Figures & data
Figure 1. Characterization of biosynthesized Siberian ginseng gold nanoparticle. The UV–visible spectrum absorption pattern at different period of time (A) and selected area diffraction pattern (B) of SG-GNPs.
Figure 2. Characterization of biosynthesized Siberian ginseng gold nanoparticle. High Resolution Transmission electron microscopy (TEM) (A) and X ray diffraction analysis (XRD) of SG-GNPs (B).
Figure 3. Characterization of biosynthesized Siberian ginseng gold nanoparticle.

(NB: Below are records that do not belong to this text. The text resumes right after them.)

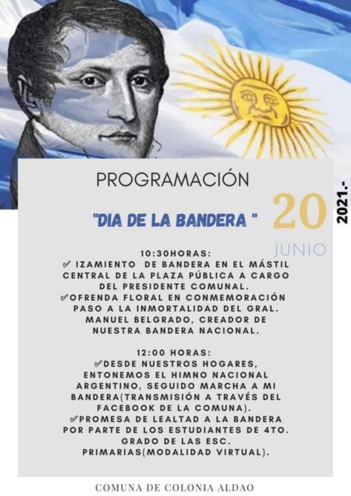 La Comuna de Colonia Aldao dio a conocer el cronograma de lo que será el Acto por el Día de la Bandera a concretarse el venidero domingo. El mismo tendrá una parte presencial y otra virtual, incluyendo la Jura a la Bandera por parte de estudiantes de Cuarto Grado.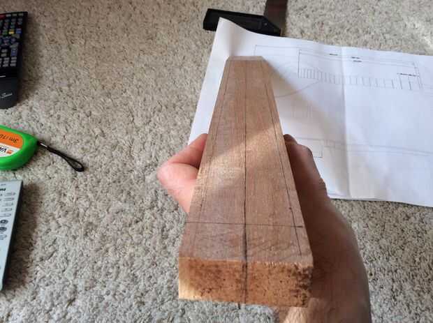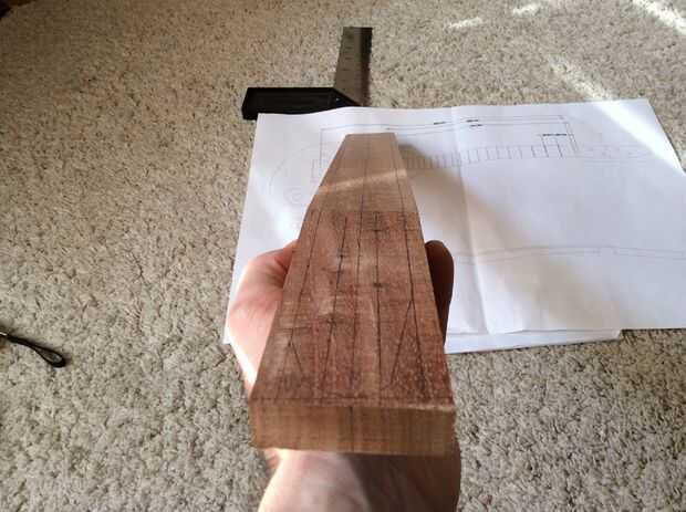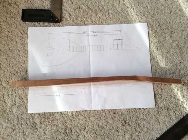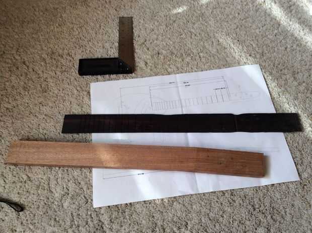 Mi plan en esta etapa es conseguir el diapasón y el cuello pegado hasta el corte con el tamaño correcto como una sola pieza. Una vez que se forma el cuello, te rebaje el bolsillo cuello y medir por la posición del puente.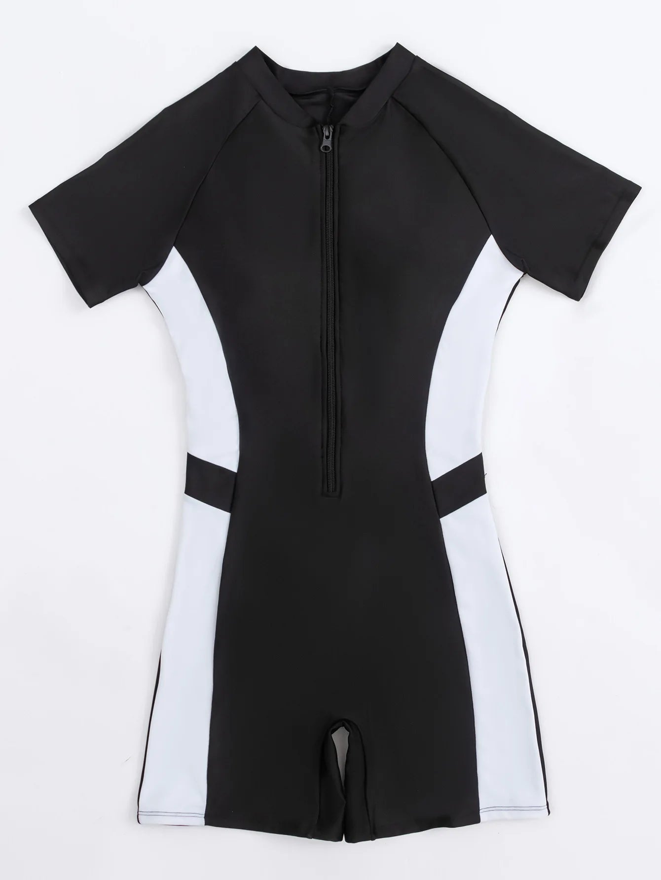Saashi Women’s UPF 50 Short Sleeve Rash Guard with Front Zip One-Piece Surf Swimsuit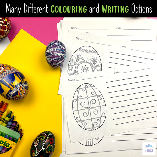 - 3 pages with half writing opportunity with pysanka to colour (for poetry or short writing activities)
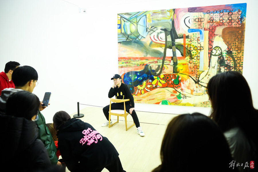 人们来到位于衡复历史风貌区的地标锦和越界·衡山路8号,参观《艺起“杰”作》艺术展。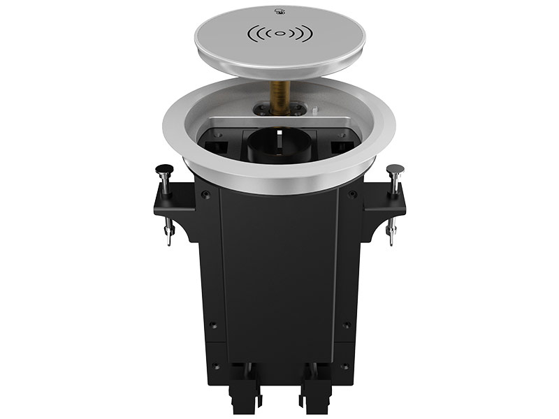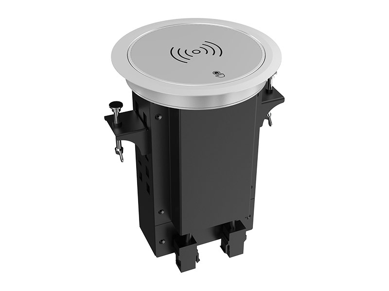 Архитектурный лючок для подключения кабелей с моторизованной крышкой и встроенным модулем розетки 220В

Fourier-transform infrared spectroscopy analysis of SG-GNPs.
Figure 4. Anticancer activity of biosynthesized Siberian ginseng gold nanoparticle. The CC50 dose of SG-GNPs against murine melanoma B16 cells were assessed by MTT assay. B16 cells were treated with different concentration of SG-GNPs ranging from 0.5 to 20 µg/ml and incubated for 24 h. The control and SG-GNPs treated cells were subjected to MTT assay and the results were statistically analyzed. Each bar represents mean ± SEM of three independent observations. p < .05 is considered as statistically significant.
Figure 5. Anticancer activity of biosynthesized Siberian ginseng gold nanoparticle. Apoptotic effect of SG-GNPs on mitochondrial membrane premeability in murine melanoma cell line B16 was assessed using 1 mM Rhodamine 123 staining technique. B16 murine melanoma cells were treated with 5 and 10 µg/ml SG-GNPs and incubated for 24 h. The control and treated cells were then stained with Rhodamine 123 stain for 15 min. The experiments were performed in triplicates.
Figure 6. Anticancer activity of biosynthesized Siberian ginseng gold nanoparticle. Apoptotic effect of SG-GNPs in murine melanoma cell line B16 was assessed using dual staining technique. B16 murine melanoma cells were treated with 5 and 10 µg/ml SG-GNPs and incubated for 24 h. The control and treated cells were then stained with 1 mM acridine orange and 1 mM Ethidium bromide for 5 min. The experiments were performed in triplicates.
Figure 7. Anticancer activity of biosynthesized Siberian ginseng gold nanoparticle. Apoptotic effect of SG-GNPs via generation of reactive oxygen generation in murine melanoma cell line B16 was assessed using H2DCFDA staining technique. B16 murine melanoma cells were treated with 5 and 10 µg/ml SG-GNPs and incubated for 24 h. The control and treated cells were then stained with 2',7'-dichlorodihydrofluoresceindiacetate stain for 15 min. The experiments were performed in triplicates.
Figure 8. Anticancer activity of biosynthesized Siberian ginseng gold nanoparticle. Apoptotic effect of SG-GNPs on apoptotic gene expression in B16 murine melanoma cells was assessed using qPCR analysis. B16 murine melanoma cells were treated with 5 and 10 µg/ml SG-GNPs and incubated for 24 h. After incubation, the control and treated cells were subjected to total RNA isolation. 2 µg of total RNA from control and SG-GNPs treated group were converted to cDNA and subjected to qPCR analysis with specific apoptotic genes Caspase 3, Caspase 9, Bid, Bax and antiapoptotic gene Bcl2. The experiments were performed in triplicates.